A July 12, 1999 article in Christianity Today was titled "The Triumph of the Praise Songs: How Guitars Beat Out the Organ in the Worship Wars." The author writes,
"Conflicts over worship in general and music in particular have erupted in churches of every denominationThe contemporary proliferation of different worship and music styles may well be the next century's test of our commitment to Christian unity."
Today's "worship wars" (now there's an oxymoron!) center around such things as high-church versus low-church worship...traditional versus contemporary...pentecostal versus noncharismatic...rock band versus choir...and so on.
How did we get here? I believe a large part of our problem is that we have neglected to develop a biblical understanding, or theology, of worship. Instead, we have put the emphasis on secondary issues.
Let me give three reasons why I think a theology of worship is crucial.
WITHOUT A CLEAR THEOLOGY OF WORSHIP, WE ARE EASILY INFLUENCED BY OUR CULTURE AND OUR SINFUL HEARTS.

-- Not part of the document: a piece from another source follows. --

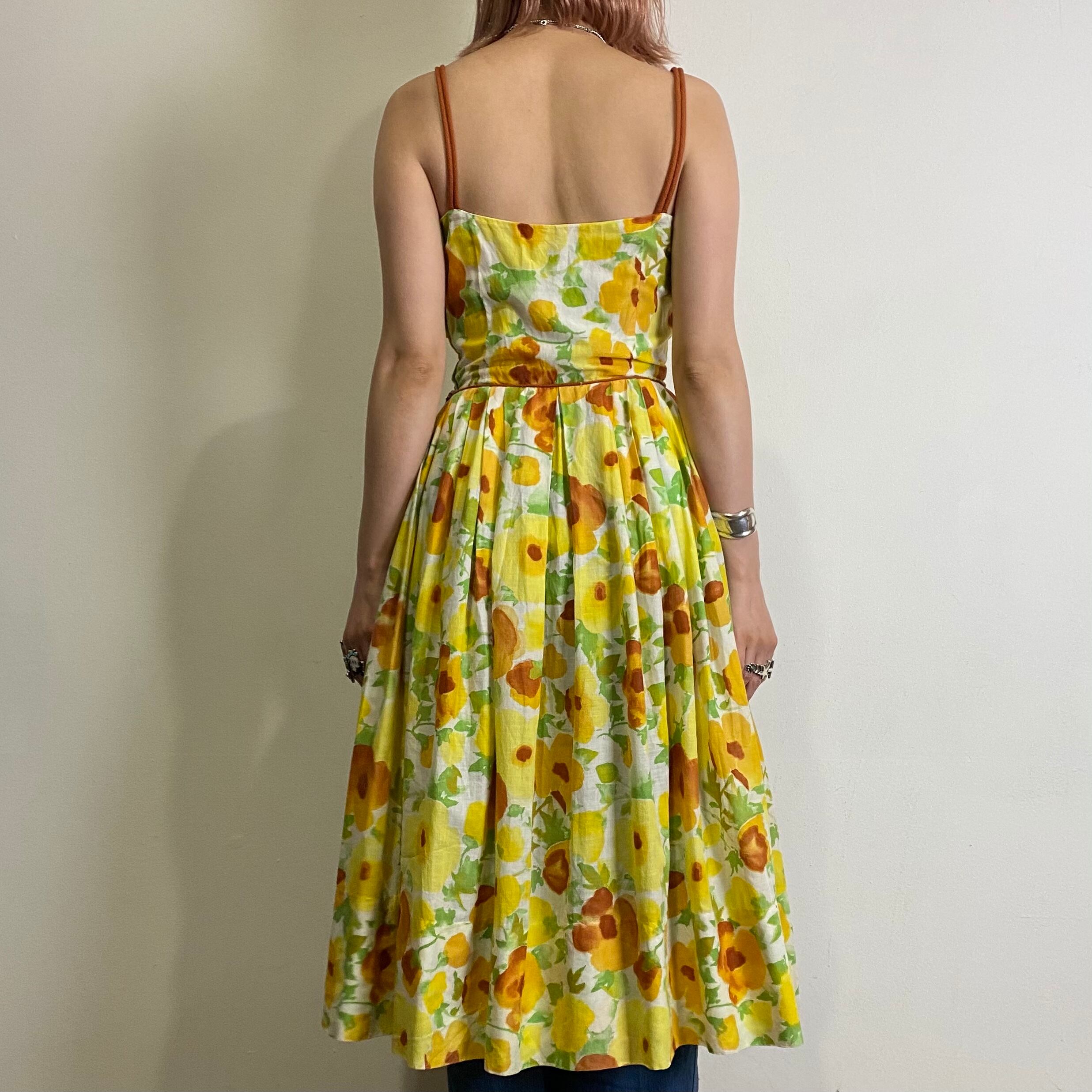 50s yellow flower cotton cami dress

For 40 years, western culture has been dominated by the "baby boomers." The boomer worldview is perfectly consistent with our inherent sinfulness. (I can bust on them because I'm both a sinner and a boomer.) It orients us toward peers and self, and away from family, church, and community. It teaches us to evaluate every event, subject, person, and opportunity by asking "Do I like it?", and "What's in it for me?"
Like it or not, this is the culture we absorb every day. If we do not actively resist its influence, we will think and talk as if worship exists merely to cater to our desires and preferences. In finding a church, for example, we will give more weight to whether we like the worship style than whether we encounter God in the services. The two can certainly co-exist, but the first is optional; the second is not.

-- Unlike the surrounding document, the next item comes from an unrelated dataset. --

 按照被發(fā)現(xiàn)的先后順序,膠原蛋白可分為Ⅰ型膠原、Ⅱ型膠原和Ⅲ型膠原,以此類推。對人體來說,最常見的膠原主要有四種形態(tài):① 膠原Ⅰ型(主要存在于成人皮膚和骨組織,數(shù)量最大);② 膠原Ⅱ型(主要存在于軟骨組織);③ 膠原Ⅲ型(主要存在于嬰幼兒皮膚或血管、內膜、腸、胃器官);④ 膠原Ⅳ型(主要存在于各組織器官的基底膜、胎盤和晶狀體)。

WITHOUT A CLEAR THEOLOGY OF WORSHIP, WE CAN ADOPT VAGUE AND MISLEADING TERMINOLOGY.
Consider, for example, the ubiquitous phrase "praise and worship." In general, we call upbeat, celebrative songs "praise" songs, and slower, more lyrically intimate songs "worship" songs. But despite our tidy definitions, Scripture offers no such clear distinction between these two terms.
Perhaps we can say that, according to Scripture, "worship" is our response to God's self revelation in ways that please him, and "praise" is an aspect of worship. But when biblical terms such as these become a mere verbal shorthand for different musical styles, we are much the poorer for it.

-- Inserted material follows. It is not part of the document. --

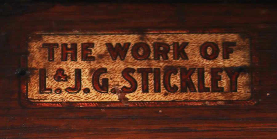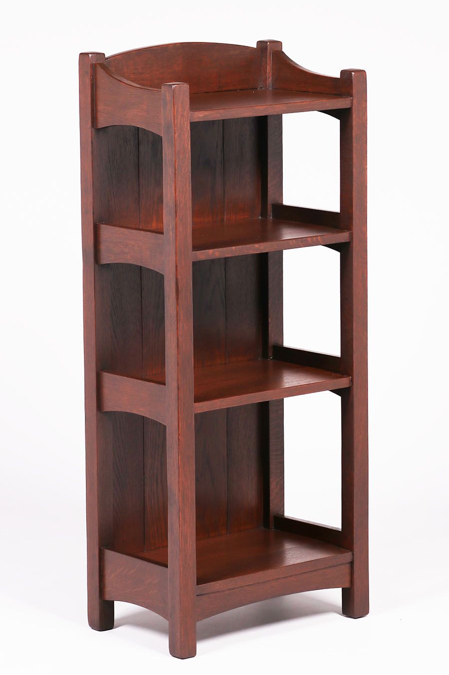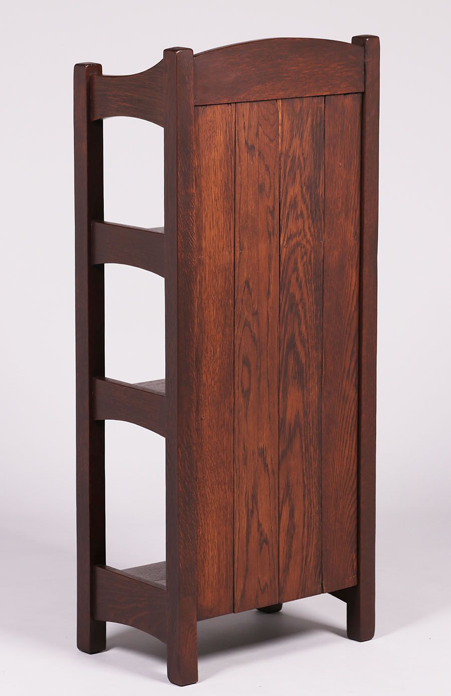 L&JG Stickley magazine stand with chamfered board back. Signed. Very nicely refinished. 45"h x 19"w x 12"d SOLD

A clear understanding of what really matters in worship will position us to take our direction from Scripture. Otherwise, we will be prone to follow popular trends that promise simplicity, convenience, or effectiveness. They may sound spiritual, but if they encourage a casual approach to Scripture, sooner or later they will only lead us away from truth.
A CLEAR THEOLOGY OF WORSHIP WILL ALLOW US TO ARTICULATE TO FUTURE GENERATIONS WHAT REALLY MATTERS IN THE WORSHIP OF GOD.
A.W. Tozer wrote, "When a church weakens in any generation, failing to carry out the purpose of God, it will depart from the faith altogether in next generation." As the next generation watches us, what are they deducing to be the nonnegotiable in worship? I want to be sure my children learn that the worship of God is more than singing songs about God in a musical style we happen to like. A clear understanding of what is important to God in our worship will enable us to articulate our thoughts clearly.
Before getting into what really matters in worship, however, we have one more topic to cover. We need to look at some things that worship is not.
Until next time, may you be overwhelmed by God's kindness.
In his mercy,
To read Bob Kauflin's previous Worship Matters column, CLICK HERE.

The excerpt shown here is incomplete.